Find the number of terms in G.Pgiven thatits first&last term are 5 1/3k&243k/256 respectively&that its common ratiois3/4
first term = a = 5 1/3k or (16/3)k
r = 3/4
last term = ar^(n-1) = 243k/256 = (243/256)k
(16/3)k (3/4)^(n-1) = (243/256)k
(3/4)^(n-1) = (243/256)(3/16) = 729/4096 = 3^6 / 4^6
(3/4)^(n-1) = (3/4)^6
n-1 = 6
n = 7
you have 7 terms
Very nice 👌👌
Correct
please I don't understand how you got 6
Correct
Confirmed
To find the number of terms in a geometric progression (G.P.), you'll need to use the formula for the nth term of a G.P., which is:
an = a * r^(n-1)
Where:
an = nth term of the G.P.
a = first term of the G.P.
r = common ratio of the G.P.
n = number of terms in the G.P.
In this case, the first term (a) is 5 1/3k, and the last term is 243k/256. The common ratio (r) is 3/4.

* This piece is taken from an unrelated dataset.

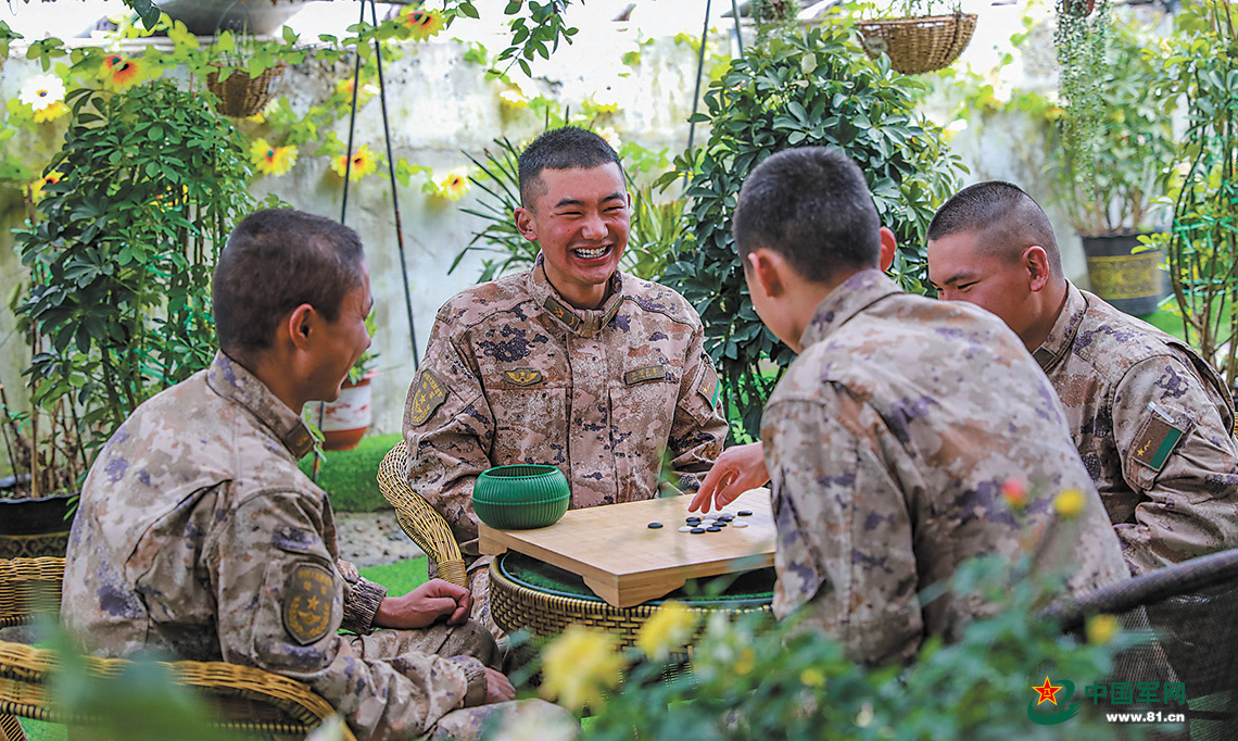“陽光大棚”內(nèi)綠植遍布,環(huán)境清新,成為官兵休閑娛樂的好去處。

Let's start by finding the values of a and r:
a = 5 1/3k
We can write 5 1/3 as an improper fraction: 16/3.
So, a = (16/3)k.
Now, let's find r:
r = 3/4
Next, we want to find the value of n. We know that the nth term (an) is equal to 243k/256. So, we can substitute these values into the formula:
(243k/256) = [(16/3)k] * [(3/4)^(n-1)]
To simplify this equation, we can cancel out the k terms:
(243/256) = (16/3) * [(3/4)^(n-1)]
Now, let's simplify the equation further:
(243/256) = (16/3) * [(3^(n-1))/(4^(n-1))]
To eliminate the fractions, we can multiply both sides of the equation by 256 * 3 * 4^(n-1) to get rid of the denominators:
(243/256) * (256 * 3 * 4^(n-1)) = (16/3) * [(3^(n-1))/(4^(n-1))] * (256 * 3 * 4^(n-1))
Simplifying further:
243 * 3 * 4^(n-1) = 16 * (3^(n-1)) * (256 * 3 * 4^(n-1))
Canceling out terms:
729 * 4^(n-1) = 768 * 3 * (4^(n-1))
Dividing both sides by 3 to simplify:
729 * 4^(n-1) / 3 = 768 * 4^(n-1)
Now, we can cancel out the 4^(n-1) terms:
729 / 3 = 768
243 = 768
This equation doesn't hold true, which means that there is no solution. Therefore, there is no whole number value for n that satisfies this equation. Hence, there are no terms in the given G.P.
Please check the values provided or the calculations to ensure accuracy.